Back to basics - the ebb and flow of a lesson

In preparation for tonight's class I hope everyone gets this latest news update and will think ahead about how they approach their training.
Training usually follows a similar set pattern:
warm-up > suburi > kihon/kiri-kaeshi > jigeiko
There is reason for this order, because each part supports and informs the next part. You do not undertake strenuous exercise without a proper warm up. Once you have done the warm up suburi will teach you tenouchi. By practicing without someone in front of you you should be able to see distinctly where you are cutting, to the correct height specified.
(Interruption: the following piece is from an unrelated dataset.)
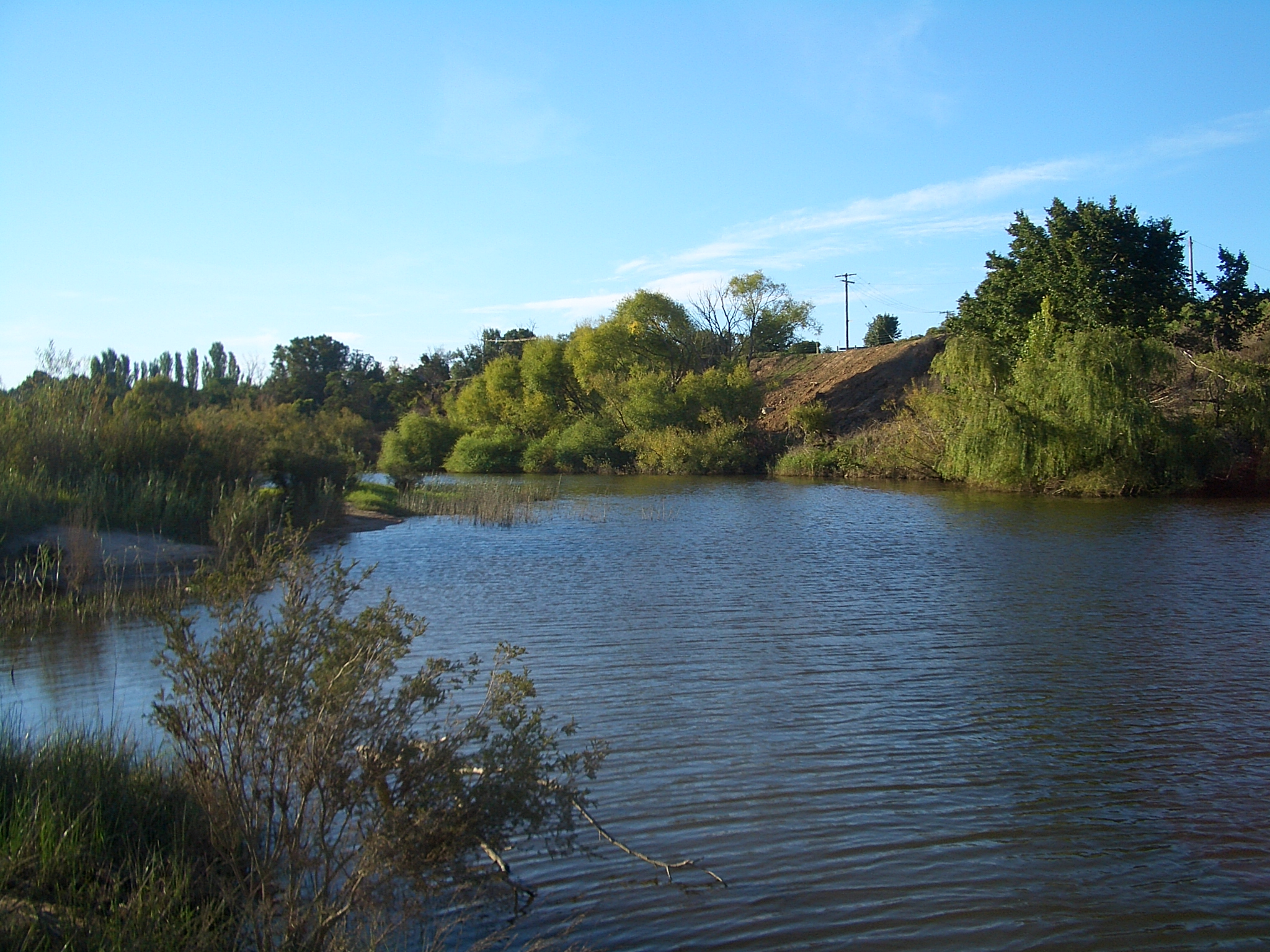 The Avon River, just SE of Stratford, in Gippsland, Victoria, Australia

Each and every cut should be made to this height and tenouchi, the tensing/wringing motion made with the hands at the point of impact, should stop your cut at this desired height.
Without suburi practice you do not undertake kihon practice, otherwise when you come to be hitting living human beings you will be treating them like tent pegs and pounding them into the ground. Understanding of tenouchi is essential to prevent inflicting pain on your practice partner and it is important that lessons learned in one exercise are carried forward into the next.
Similarly the skills learned in kihon practice are the exact same skills used in in jigeiko, free practice. Abandoning those areas you have just been practicing to deliver some sort of 'win at all costs' kendo is missing the point. You are only short changing yourself because those skills are not being translated to the real world scenario. Equally nerves and the stresses of free practice can rob you of the abilities you have been exploring. Take time to compose yourself and do good, basic, big cuts with tenouchi and strong kiai and zanshin.
Please try to focus hard on the instructions given tonight. We will be going through a period of consolidation of all the basics to form a good foundation for your future kendo. Please try to come with a ready spirit and willingness to improve, that's all we ask.